Seringkali penyebab cedera pada puting menjadi dampak mekanis yang berkepanjangan (gesekan). Aktivitas fisik, disertai dengan sejumlah besar gerakan: berlari, serta meningkatkan aktivitas seksual, dapat menyebabkan menggosok permukaan puting susu dan pelepasan cairan berikutnya, yang akhirnya berubah menjadi kerak. Selain itu, tekanan mekanis dapat meningkat saat mengenakan bra atau pakaian lain yang terbuat dari kain yang terlalu padat dan kasar..

Penyebab patologis

Mastitis laktasi

Seringkali pada bulan postpartum pertama, wanita menderita penyakit yang disebabkan oleh bakteri yang memasuki jaringan payudara melalui microcracks di puting. Payudara yang terinfeksi menjadi meradang, menjadi padat dan panas, wanita itu menderita sakit dan demam. Pengeluaran purulen muncul pada puting, yang, ketika dikeringkan, membentuk kerak berwarna lemon.

Mastitis non-laktasi

Peradangan kelenjar susu dapat terjadi tidak selama periode laktasi. Mastitis, yang berkembang setelah bakteri berbahaya memasuki kelenjar susu melalui puting yang terluka, adalah karakteristik wanita dan pria. Sealing dada disertai dengan munculnya cairan bernanah kehijauan, kemudian mengering di permukaan puting susu.

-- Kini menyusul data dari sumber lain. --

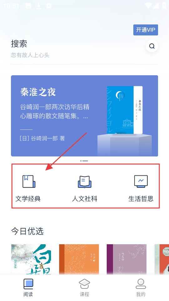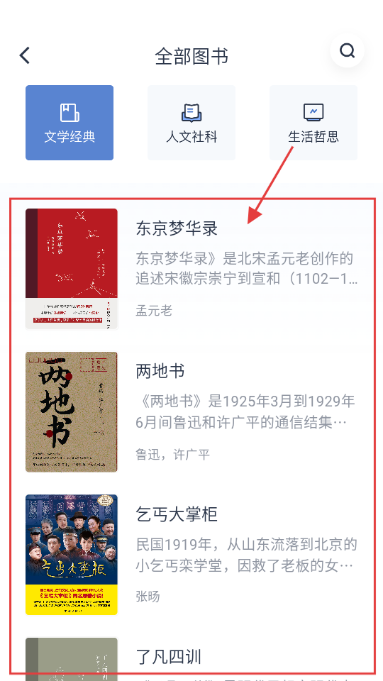 1、进入阅读页,有【文学经典】【人文社科】等分类,选感兴趣的分类,进入对应图书列表页。

Mastopati juga dapat menyebabkan kerak terbentuk di puting. Isolasi cairan dari puting susu adalah salah satu gejala dari penyakit ini.

Perawatan mastitis

Jika gejala salah satu jenis mastitis muncul, Anda harus berkonsultasi dengan dokter (mammologist atau ginekolog). Setelah melakukan diagnosis klinis, pasien akan diresepkan antibiotik sesuai dengan ada atau tidak adanya kebutuhan untuk menyusui. Dalam kasus yang sangat lanjut, pasien diresepkan perawatan bedah.

Gangguan endokrin

Ketidakseimbangan hormon dalam tubuh dapat menyebabkan kolostrum berkembang tidak berhubungan dengan kehamilan atau menyusui..

Pengeluaran ASI pada puting karena ketidakseimbangan hormon dapat terjadi pada wanita dan pria, terlepas dari usia dan masa pubernya..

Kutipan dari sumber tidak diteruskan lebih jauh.